Iran has agreed to return to nuclear talks, but no deal expected soon

High-level representatives from Russia, China, Germany, England, France and Iran attended the joint commission.

Askin Kiyagan | Anadolu Agency | Getty Images

Iran’s chief negotiator said on Wednesday Iran would resume talks with six world powers before the end of November, seeking to revive a 2015 nuclear deal that lifted sanctions on the Islamic Republic in return for curbs on its nuclear programme.

“We had a very serious and constructive dialogue with @enriquemora_on the essential elements for a successful negotiation. We agree to start negotiations before the end of November,” Deputy Foreign Minister Ali Bagheri Kani wrote on Twitter after his meetings with EU officials in Brussels.

But experts caution that there is still a long way to go, if a deal is still possible at all.

The announcement came amid heightened tensions between Iran and the West as Tehran ramped up its nuclear activities in violation of the parameters of the deal. The Iranian government insists these developments are for peaceful purposes, but IAEA Director-General Rafael Grossi said in late October that Iran “within a few months” had enough material for a nuclear bomb.

Talks that had begun under the Joe Biden administration have stalled in the wake of the June elections for hardline and anti-Western cleric Ibrahim Raisi, which some see as a delaying tactic aimed at demonstrating a more assertive position.

“I don’t expect an agreement any time soon, because Iran’s delay tactics and messages from Tehran and the new administration clearly indicate that they intend to take a tougher stance and a tougher negotiating stance,” said Sanam Vakil, the party’s deputy head. The Middle East and North Africa Program at Chatham House.

Wakil noted that Kani, Iran’s chief nuclear negotiator, also refused to meet with the E3 group – the foreign ministers of Germany, France and the UK – in a coordinated manner, “noting that he is trying to sow divisions along with the stalling tactics we’ve seen over the past few months.”

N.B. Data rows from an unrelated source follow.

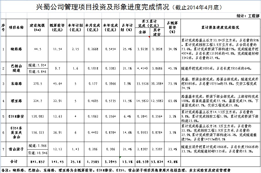 公司管理項目投資及形象進度完成情況(截至2014年4月底)
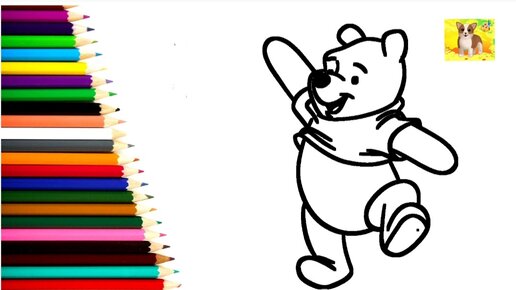Как рисовать Винни Пух. Рисунок раскраска для детей Винни Пух. Рисую забавные милые рисунки для детей
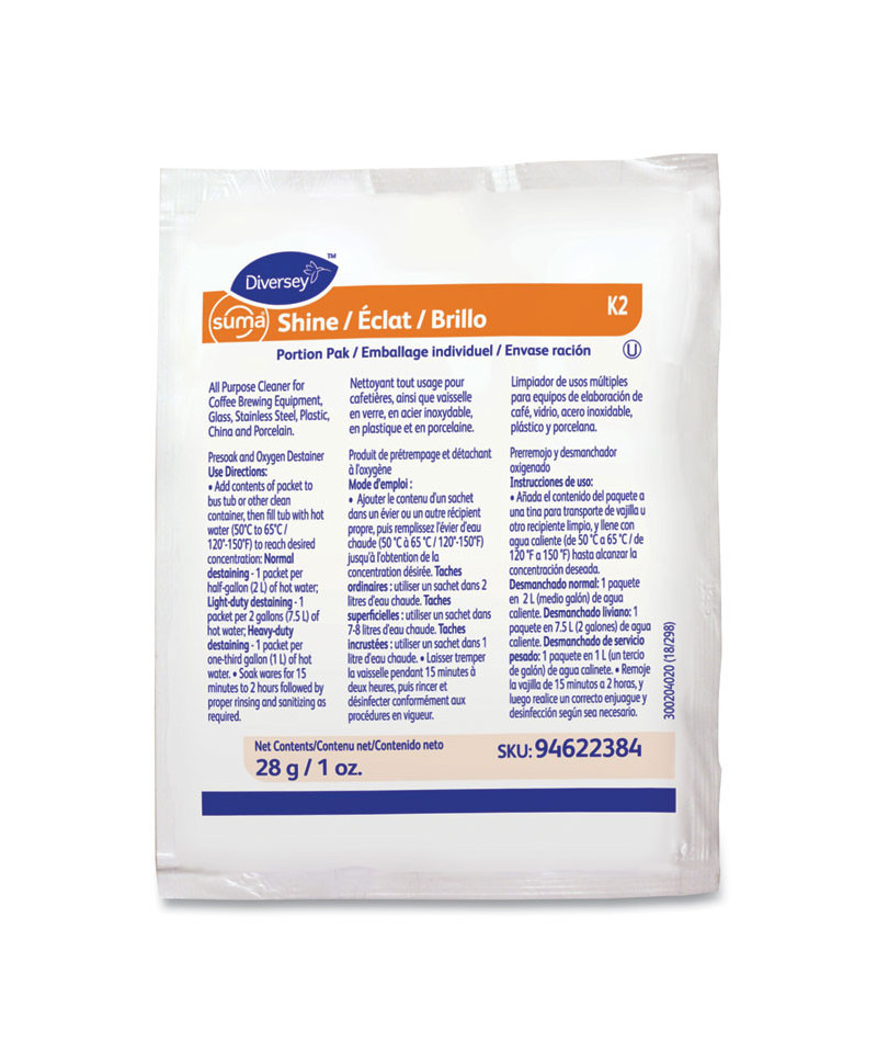 An oxygen-based, powdered presoak and destainer for plastic cups, plates, flatware, utensils, glass coffee pots, coffee urns and tea urns. White powder with no fragrance added.
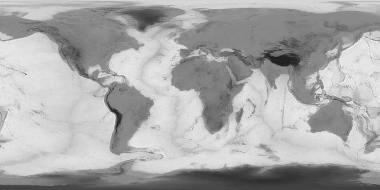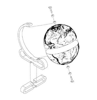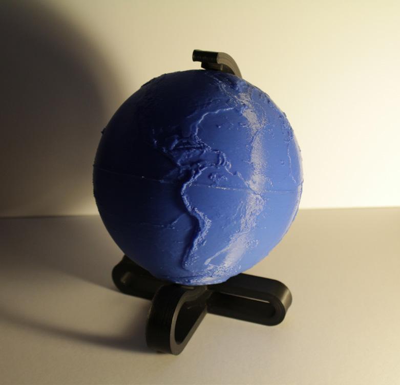 The globe was generated using a heightmap. The grasshopper script takes this samples grid of points on this image and translates the grayscale value into the height of a corresponding vertex on a rectangular mesh. Then, the mesh is projected around a sphere. The stand is designed in Rhino to mount the globe on pins with bearings for free spinning.
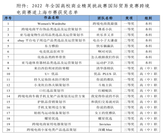 近日,全国高校商业精英挑战赛组委会公布了2022年全国高校商业精英挑战赛国际贸易竞赛跨境电商赛道上海市赛的竞赛结果,我校商学院国际商务专业4个团队喜获佳绩,顺利晋级全国总决赛。
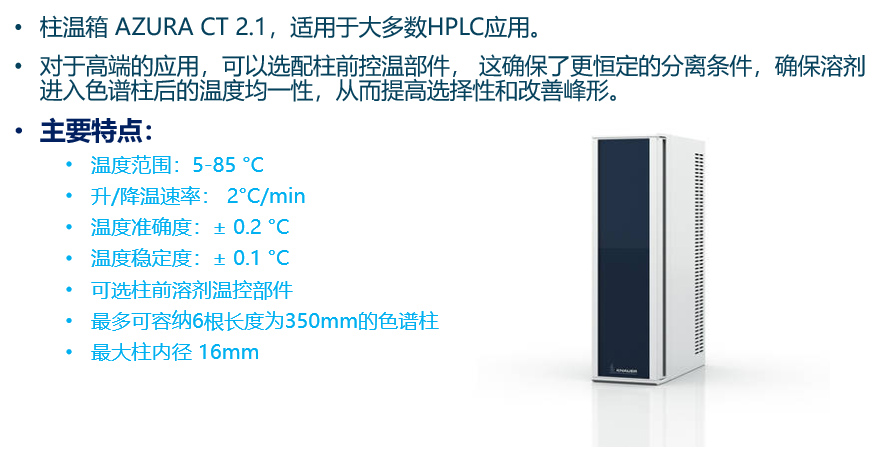 AZURA CT2.1L 柱溫箱可防止柱溫過熱并保持穩(wěn)定的溫度,使您得到高度重復(fù)的結(jié)果。
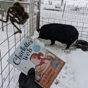 Wiggum is a permanent resident at Chubby Goat Acres and I see him about once a month give or take. He enjoys swimming in the pond and getting read to. I'm currently making a video series where every time I visit he gets read one chapter of Charlotte Web (Youtube Link). It doesn't matter what season it is, how cold and harsh it may be, he gets read to. Although it's great to see Wiggum as much as possible I needed to find some other thing to do than give him treats. He's getting older, about 8 years old as of writing this article on 2/28/2024.
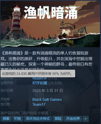 我們之前曾在次條中提到過這款克蘇魯釣魚遊戲,趁着一週年再向大家推薦一次,目前《漁帆暗湧》在Steam上收穫了近2.5萬條評價,好評率爲95%,好評如潮。
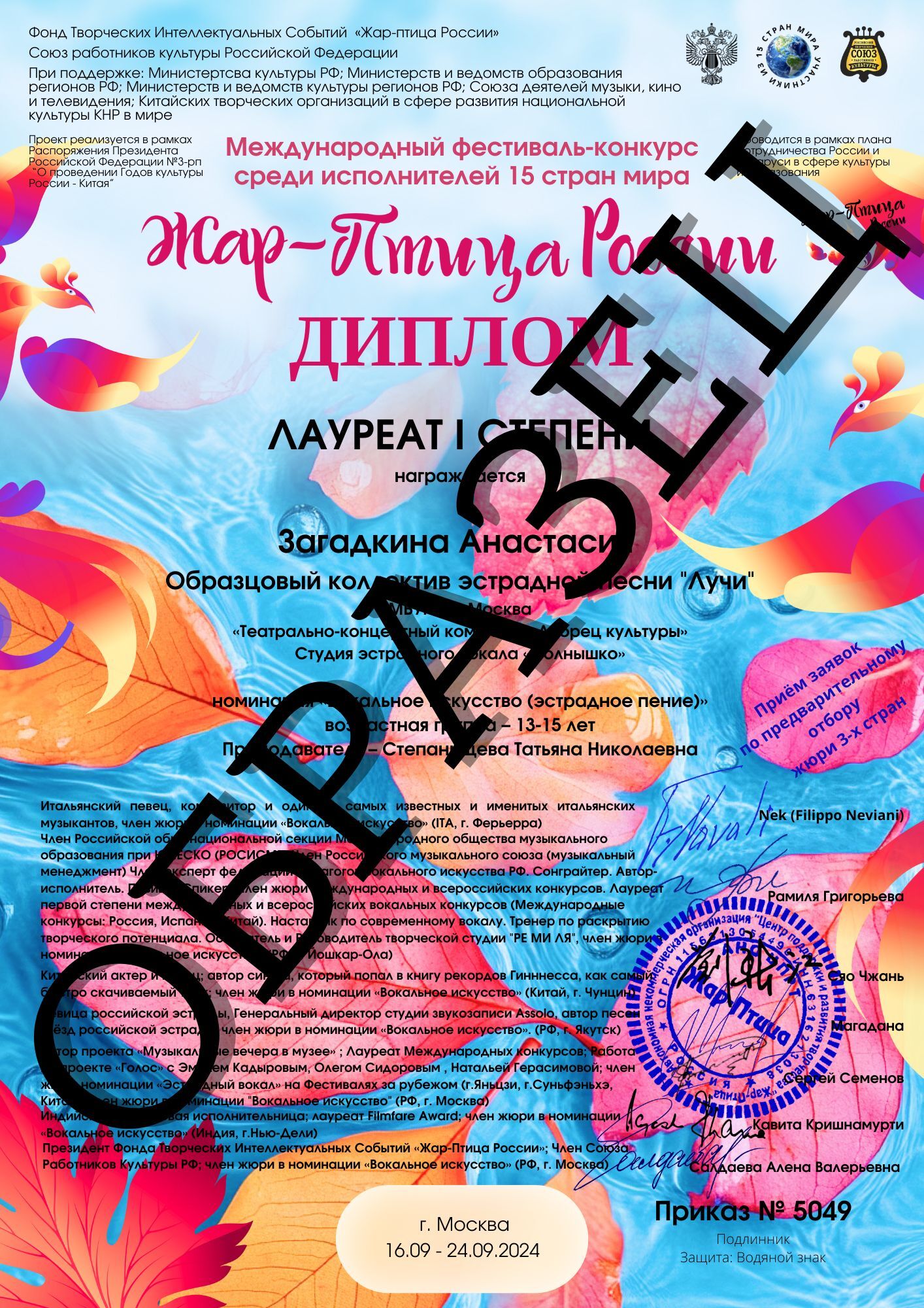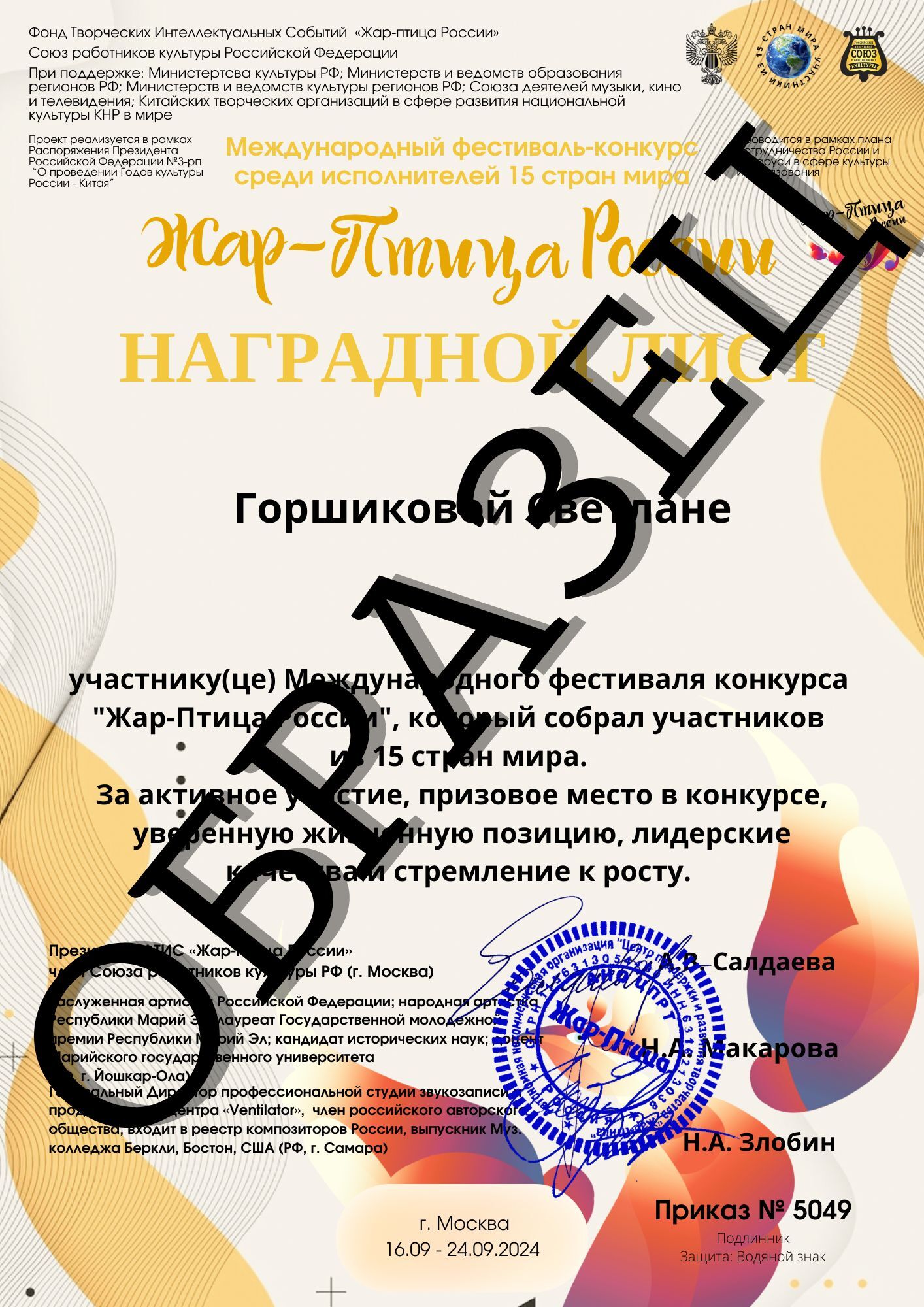 Это образец, в дипломе будет Ваше место из итоговой таблицы. Жюри будет из вашей номинации.

She added, “I expect the negotiations to take several months and we must be ready because those negotiations may not see a final resumption of the deal.”

The Eurasia Group, a political risk consultancy, put it starkly: it now believes that “a revival of the Iran nuclear deal is unlikely next year, as Iran’s rapid nuclear buildup and extremist demands will likely render the 2015 agreement irrelevant,” its analysts wrote. In a note on Wednesday. Adding that they estimated the probability of a deal in 2022 at 30%.

Previously, she saw a deal next year as more feasible given Iran’s crippled economy and its need for sanctions to be lifted. Former President Donald Trump withdrew from the Obama-era agreement in 2018 and reimposed harsh sanctions on Iran, sending the country soaring inflation and plunging its currency.

But Eurasia analysts wrote that “Iran’s continued intransigence and acceleration of its nuclear program will make it difficult for even the most forward-leaning negotiators to revive the agreement next year.”

The State Department said earlier this month that it wanted to resume negotiations “as soon as possible,” adding that the White House “has made it clear that if diplomacy fails we are ready to turn to other options,” though it did not specify what those options might be. Other options were.

The steady reduction in Iran’s compliance with the nuclear deal, also called the Joint Comprehensive Plan of Action, has included increased uranium stockpiling and enrichment levels well beyond standards set out in the JCPOA and to a level that many in the international community say is alarming.

Tehran insists its moves are within its sovereign rights and can be reversed if the United States lifts sanctions. Meanwhile, the Biden administration says it is ready to return to the negotiating table, but will only lift sanctions if Iran reverses its JCPOA violations first.

The repercussions of the deal’s long delay extend beyond Iran. As Iran reduces the “breakout time” to the bomb-building capacity to less than the current estimated three months, Israel will likely launch sabotage attacks, and the United States and its allies will have to consider more sanctions or other deterrent measures, pushing both countries forward. . towards confrontation.